--- Task statement ---
Please return the lines from the one with "Custom frame measures" through the end of the listing below, word for word, with every picture left out.
*** Provided material ***
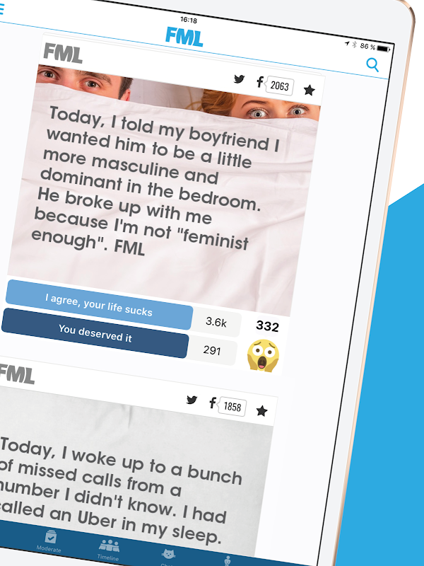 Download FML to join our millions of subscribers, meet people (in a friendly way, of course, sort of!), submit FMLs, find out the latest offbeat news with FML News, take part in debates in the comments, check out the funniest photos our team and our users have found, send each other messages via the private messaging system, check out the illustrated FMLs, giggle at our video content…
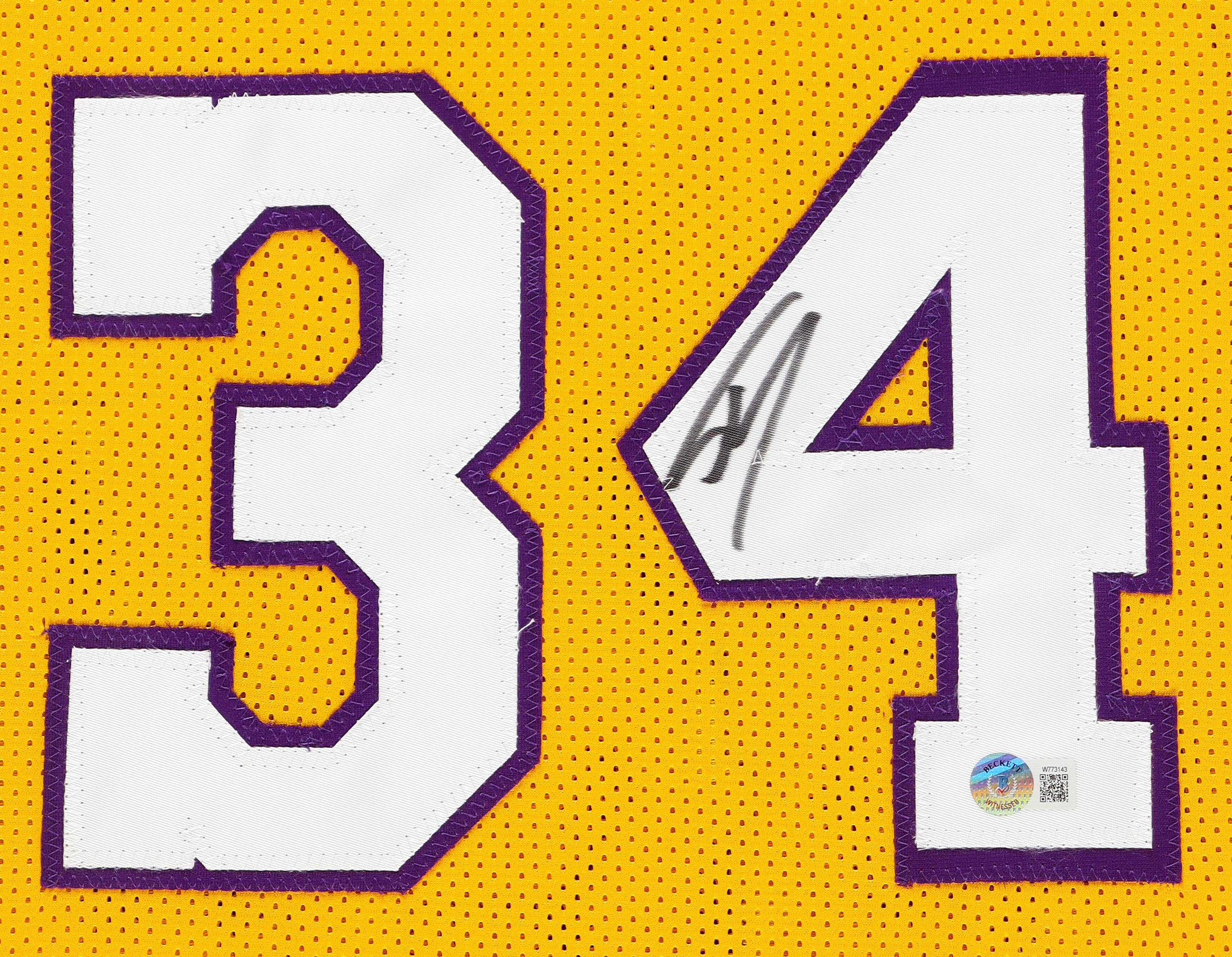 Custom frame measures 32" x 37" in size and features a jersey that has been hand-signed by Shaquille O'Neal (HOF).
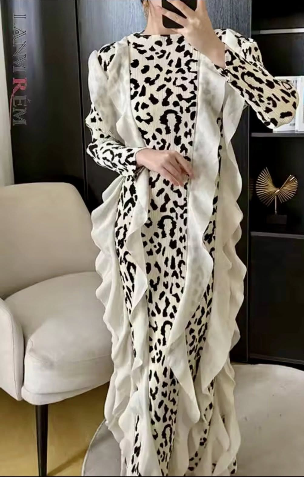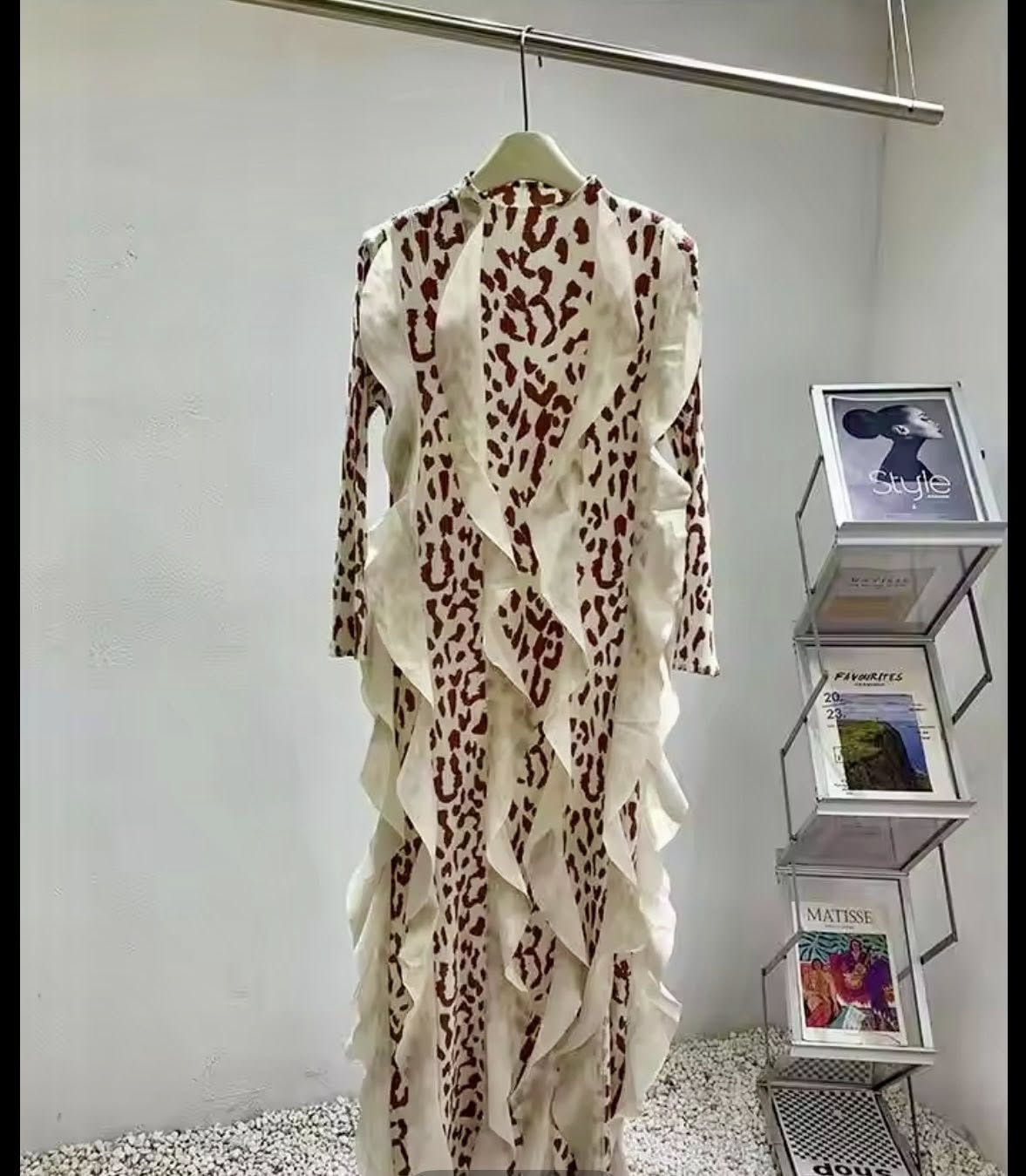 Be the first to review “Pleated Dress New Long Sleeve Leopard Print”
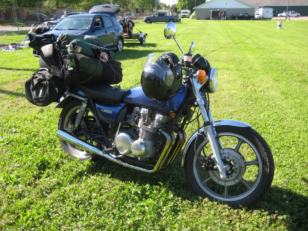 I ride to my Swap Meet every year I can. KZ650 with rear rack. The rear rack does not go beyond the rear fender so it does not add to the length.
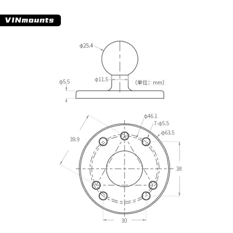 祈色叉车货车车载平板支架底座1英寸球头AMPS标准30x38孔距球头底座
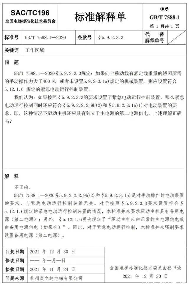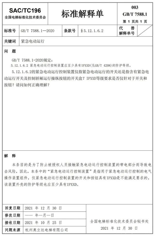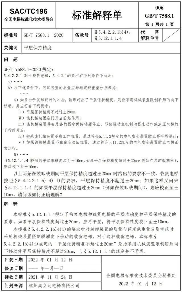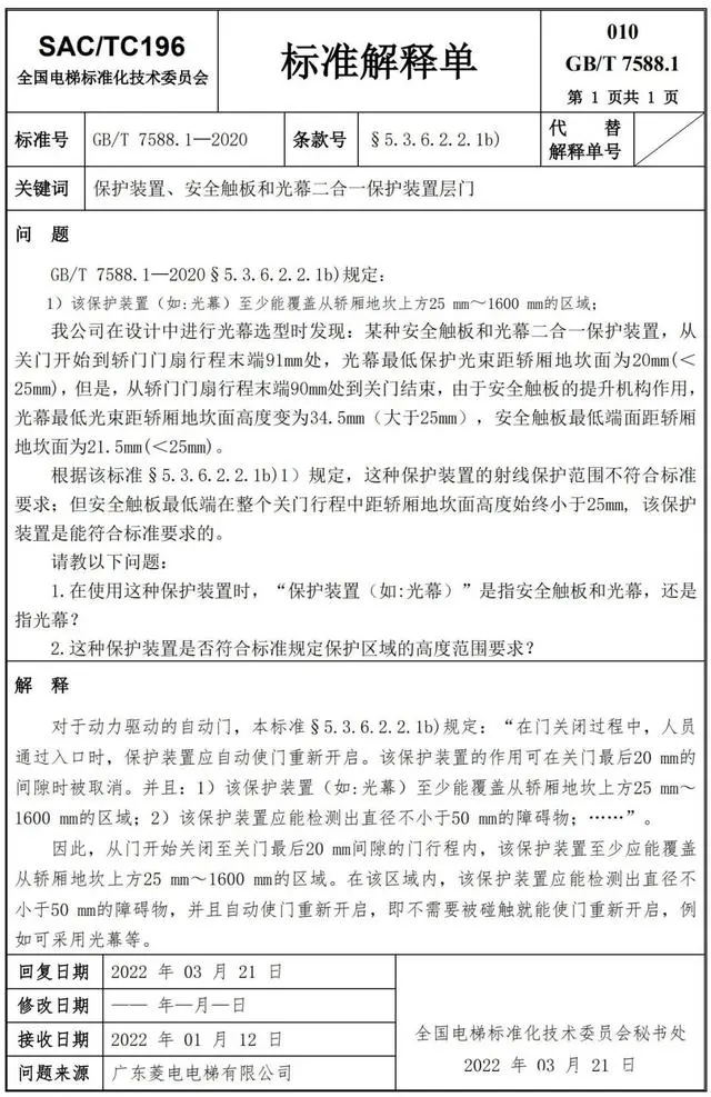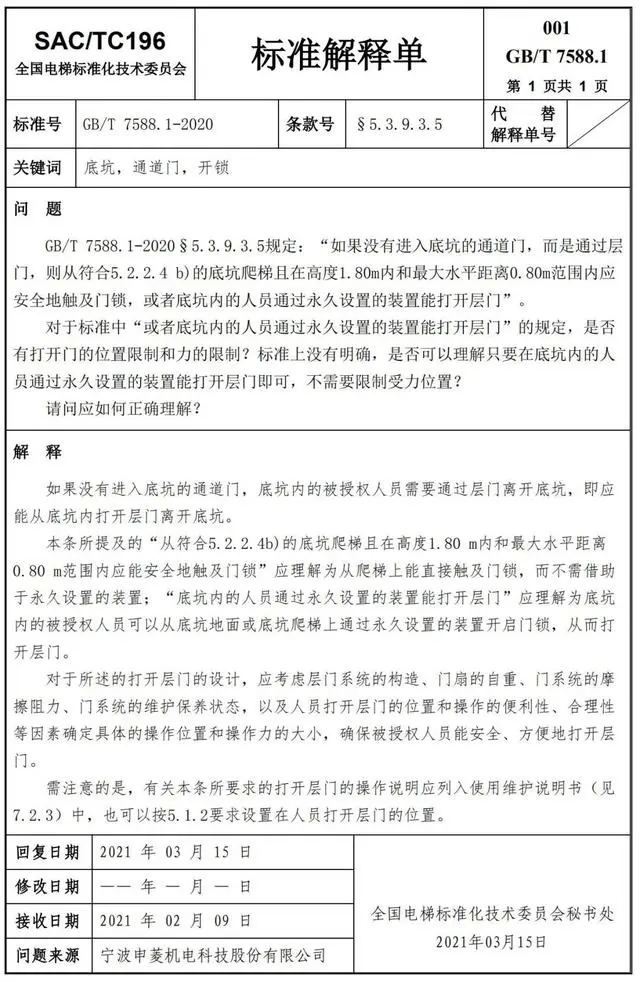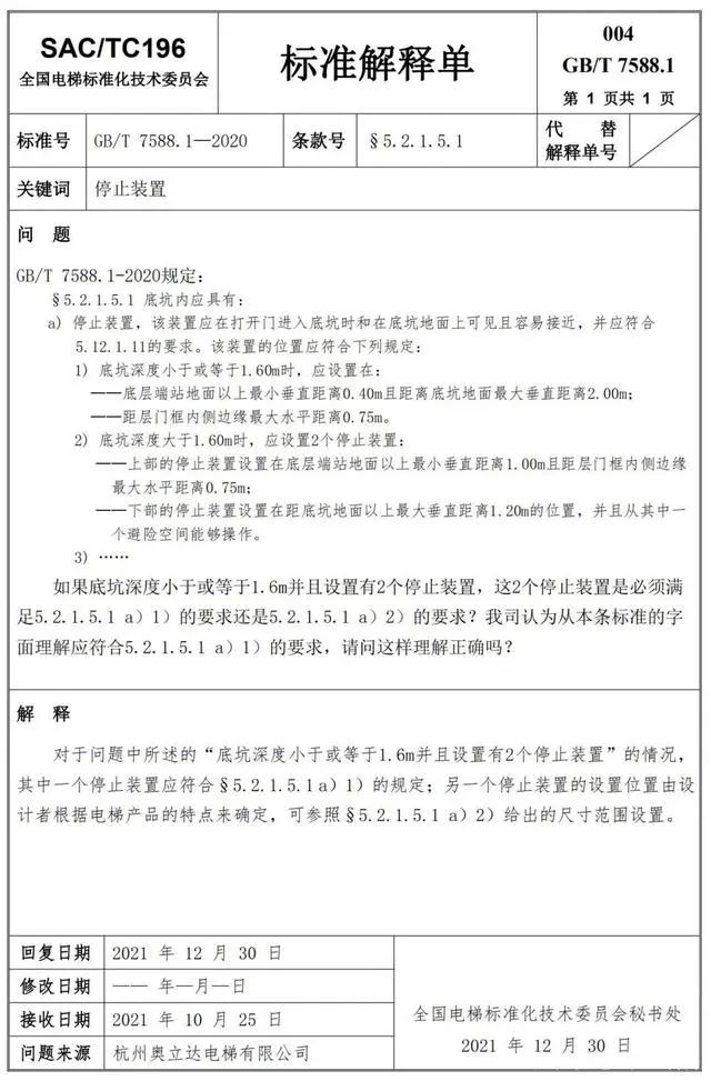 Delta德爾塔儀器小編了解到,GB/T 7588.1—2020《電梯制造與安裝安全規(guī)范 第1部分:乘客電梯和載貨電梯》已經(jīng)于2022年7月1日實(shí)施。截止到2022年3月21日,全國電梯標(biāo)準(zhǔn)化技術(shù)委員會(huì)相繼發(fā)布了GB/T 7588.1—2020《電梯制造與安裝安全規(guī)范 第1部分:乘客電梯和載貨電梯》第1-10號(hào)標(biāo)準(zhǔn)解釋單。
***
--- Your solution ---
 Custom frame measures 32" x 37" in size and features a jersey that has been hand-signed by Shaquille O'Neal (HOF).
 Be the first to review “Pleated Dress New Long Sleeve Leopard Print”
 I ride to my Swap Meet every year I can. KZ650 with rear rack. The rear rack does not go beyond the rear fender so it does not add to the length.
 祈色叉车货车车载平板支架底座1英寸球头AMPS标准30x38孔距球头底座
 Delta德爾塔儀器小編了解到,GB/T 7588.1—2020《電梯制造與安裝安全規(guī)范 第1部分:乘客電梯和載貨電梯》已經(jīng)于2022年7月1日實(shí)施。截止到2022年3月21日,全國電梯標(biāo)準(zhǔn)化技術(shù)委員會(huì)相繼發(fā)布了GB/T 7588.1—2020《電梯制造與安裝安全規(guī)范 第1部分:乘客電梯和載貨電梯》第1-10號(hào)標(biāo)準(zhǔn)解釋單。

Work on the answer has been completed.